Assignment: Everything below from the line with "此次双选会是我校在疫情防控常" through the line with "Project Runway All" should be copied exactly, and nothing else; leave out the pictures.

Data excerpt:

◇ ◇ ◇ ◇ ◇ ◇ ◇

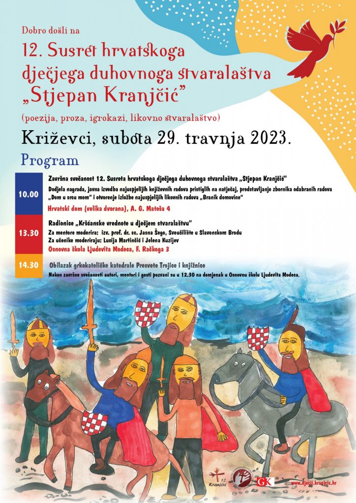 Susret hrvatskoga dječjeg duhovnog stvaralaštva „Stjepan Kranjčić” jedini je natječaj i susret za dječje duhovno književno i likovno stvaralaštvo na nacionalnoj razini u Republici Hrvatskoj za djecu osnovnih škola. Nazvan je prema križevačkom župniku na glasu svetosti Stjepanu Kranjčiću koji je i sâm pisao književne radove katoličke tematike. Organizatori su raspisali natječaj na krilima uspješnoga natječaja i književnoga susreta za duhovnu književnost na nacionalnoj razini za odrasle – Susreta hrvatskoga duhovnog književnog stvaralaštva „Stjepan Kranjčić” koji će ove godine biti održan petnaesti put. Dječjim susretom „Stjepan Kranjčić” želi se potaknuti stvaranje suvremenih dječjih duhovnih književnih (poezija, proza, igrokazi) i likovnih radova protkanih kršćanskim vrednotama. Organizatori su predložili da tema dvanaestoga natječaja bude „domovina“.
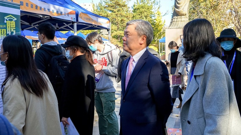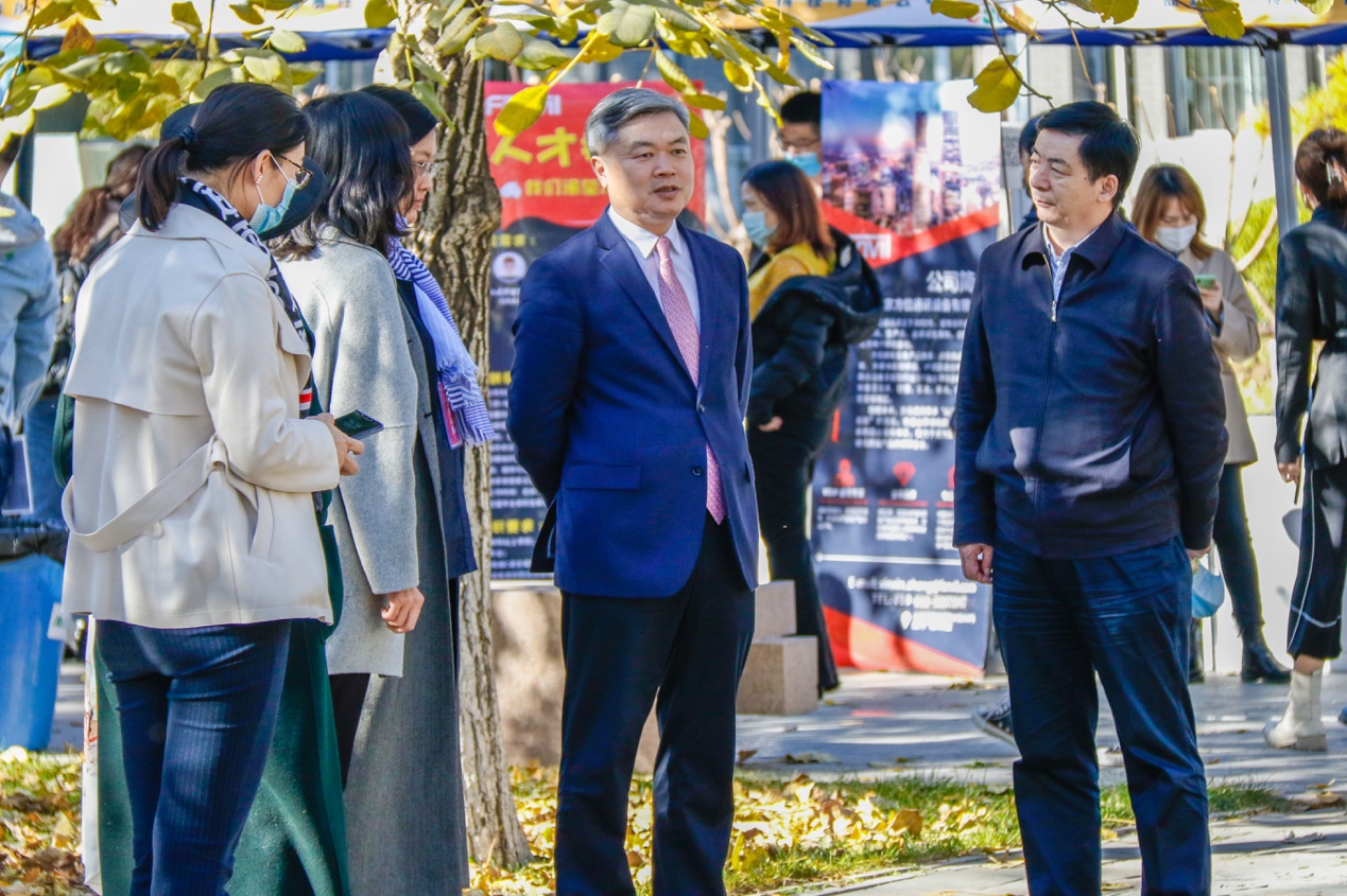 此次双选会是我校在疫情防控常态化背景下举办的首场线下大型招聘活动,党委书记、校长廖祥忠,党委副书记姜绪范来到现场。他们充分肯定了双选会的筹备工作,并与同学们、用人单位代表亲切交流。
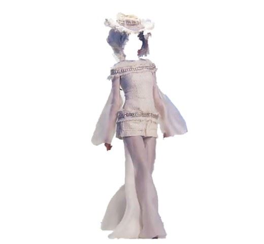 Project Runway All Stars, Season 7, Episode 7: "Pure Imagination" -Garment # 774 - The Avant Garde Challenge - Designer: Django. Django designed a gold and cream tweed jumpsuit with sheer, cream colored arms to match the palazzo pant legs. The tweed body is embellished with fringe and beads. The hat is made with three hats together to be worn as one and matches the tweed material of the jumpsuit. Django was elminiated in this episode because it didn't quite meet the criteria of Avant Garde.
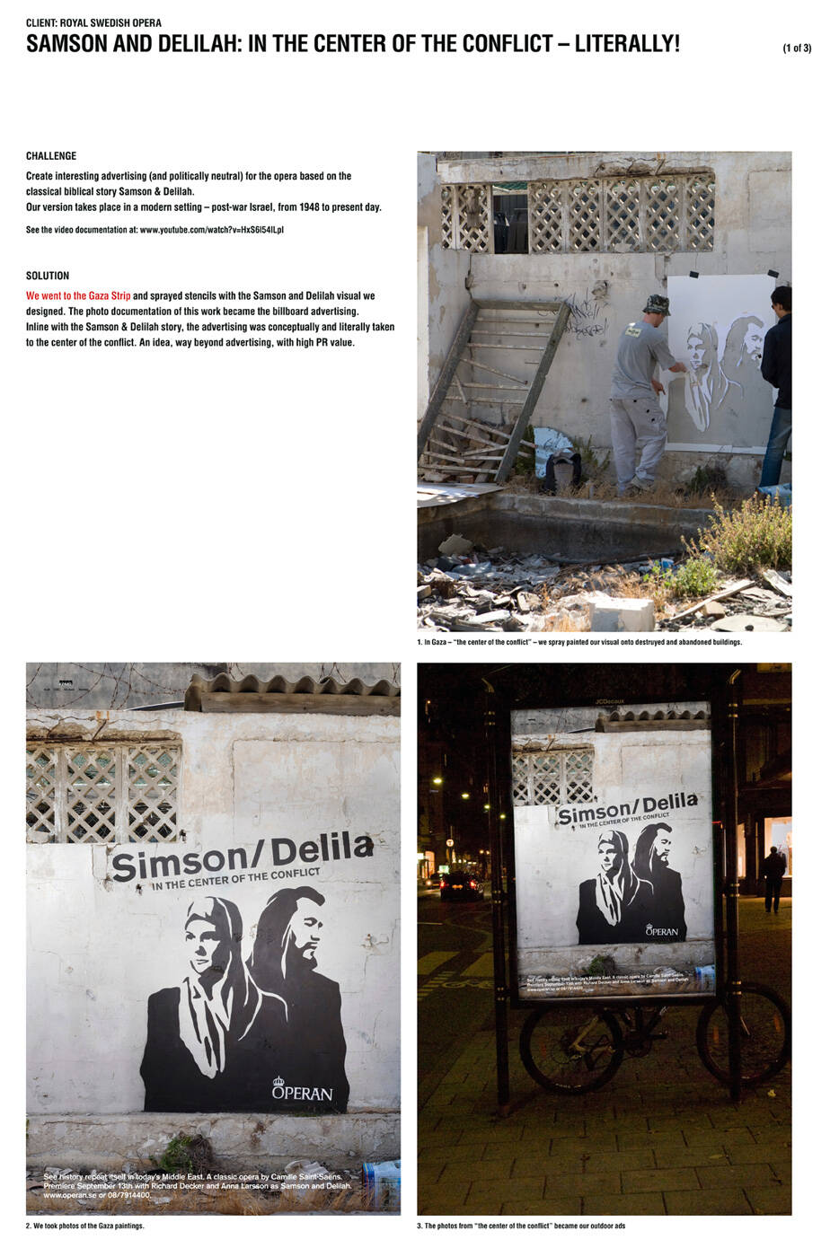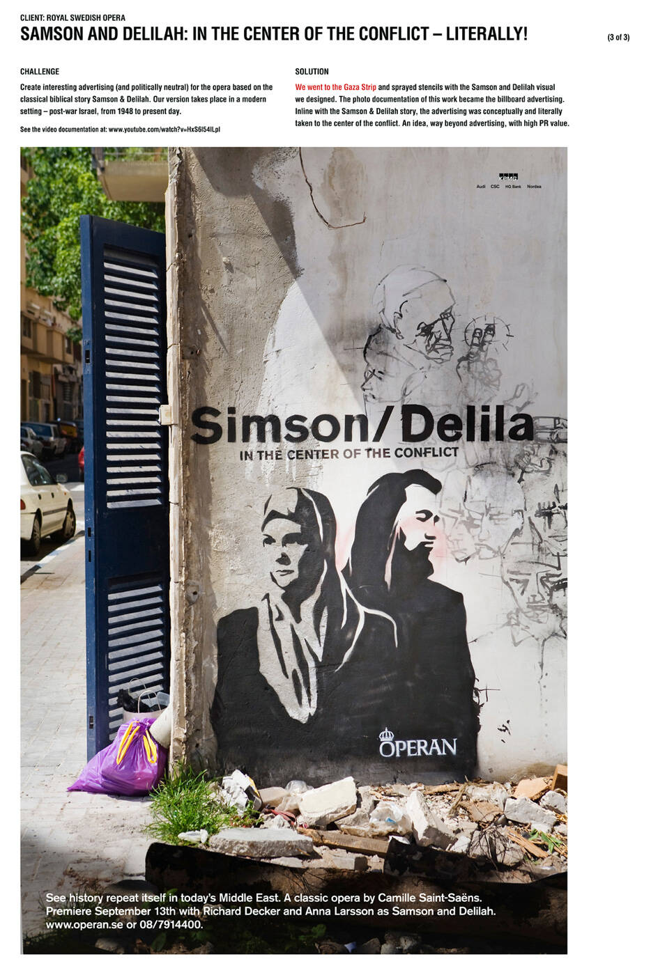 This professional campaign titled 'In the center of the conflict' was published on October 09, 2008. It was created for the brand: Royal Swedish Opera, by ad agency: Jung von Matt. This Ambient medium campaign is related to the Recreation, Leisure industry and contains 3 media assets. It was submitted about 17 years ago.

◇ ◇ ◇ ◇ ◇ ◇ ◇

Exercise result:
 此次双选会是我校在疫情防控常态化背景下举办的首场线下大型招聘活动,党委书记、校长廖祥忠,党委副书记姜绪范来到现场。他们充分肯定了双选会的筹备工作,并与同学们、用人单位代表亲切交流。
 Project Runway All Stars, Season 7, Episode 7: "Pure Imagination" -Garment # 774 - The Avant Garde Challenge - Designer: Django. Django designed a gold and cream tweed jumpsuit with sheer, cream colored arms to match the palazzo pant legs. The tweed body is embellished with fringe and beads. The hat is made with three hats together to be worn as one and matches the tweed material of the jumpsuit. Django was elminiated in this episode because it didn't quite meet the criteria of Avant Garde.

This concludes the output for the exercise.